Today’s Book Blogger Hop question is: When reading a series, do you re-read the previous book/s before reading the newly released book?
Sometimes yes. It depends on how much I like a series and how recently I’ve read the earlier books. Often if I don’t reread earlier books before reading the newly released one, I end up realizing that I’ve forgotten great swathes of things (like, say, the main character’s best friend. Or the twist ending of the last book revealing the villain is actually a good guy. It’s happened.) So in general I probably should reread the previous book(s) before reading a new one, but it really only happens if I enjoyed the previous book enough to want to read it again.
For a while I was doing an annual reread of at least some of Catherynne Valente’s Fairyland series, each autumn when a new one came out. Because those are amazing. I reread all the previous four when the fifth one came out and it was awesome. I should reread those, come to think of it…
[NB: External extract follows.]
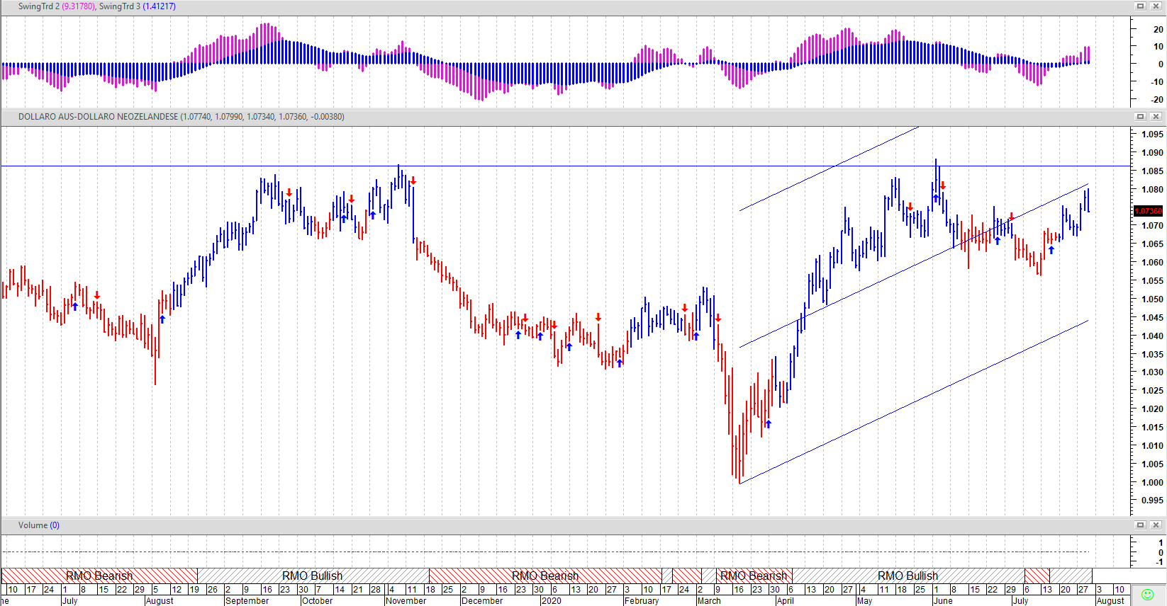 La MM a 21 giorni costituisce un buon supporto per AUDNZD che su base 1.07 sembra aver costruito un robusto supporto e dove per altro incrocia un riferimento regressivo pari a 2 STDV rispetto alla retta di regressione originata sui minimi dello scorso marzo. Sempre positivo il quadro tecnico a cui guardano potenziali nuovi acquirenti. Qualche dubbio resta sul MACD, laddove tendenze più lente hanno metabolizzato il ribasso dello scorso giugno, configurando delle divergenze. In sintesi, l’impostazione sul breve e medio periodo rimane al momento a propensione rialzista, con supporti più immediati visti in area 1.07. Sotto tale livello potrebbero concretizzarsi le possibilità di interessare al ribasso quota 1.065, cioè testare supporti “invisibili” intercettati 2 STDV sotto la suddetta retta regressiva. In questo contesto la fase positiva dell’ORO continuerà a premiare la valuta australiana rispetto a quella neozelandese.
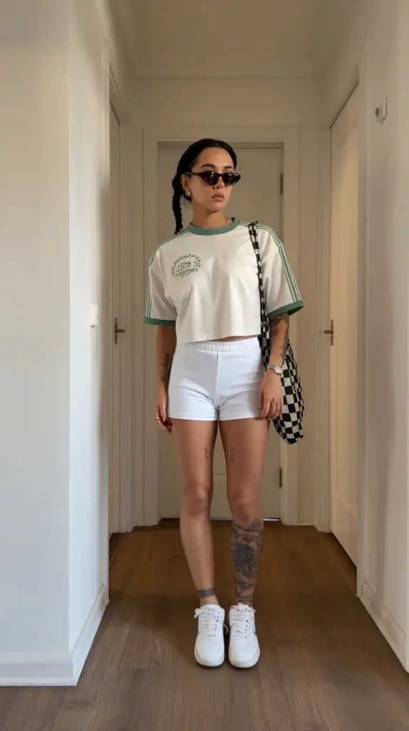 A cropped tee with green details and fitted shorts feels sporty and sharp. It looks athletic, but it can still work for everyday plans.

When I reread series, I pretty much always read the entire series. So some, like Anne of Green Gables (eight books!) become a rather lengthy process. But it just feels incomplete to only read part, and very strange to just jump to the middle somewhere. Although I can think of a few series (the Oz books, the Bloody Jack series) where the quality is uneven, and I may only reread my favorites next time I revisit. It would be a shift in habits, though!
What do you do when a new book in a series comes out? Rereading, or just diving into the new part of the story?
It does depend on how long it’s been since the previous one came out. My memory is not what it used to be. Generally I haven’t got time to reread series, though, so I struggle on, hoping I’ll get a lightbulb moment for something I appear to have missed. With one series the author then gave a flashback to something that I thought I’d missed, but in fact had happened between books, so to speak, which irritated me… I think she could have warned us we weren’t losing our minds.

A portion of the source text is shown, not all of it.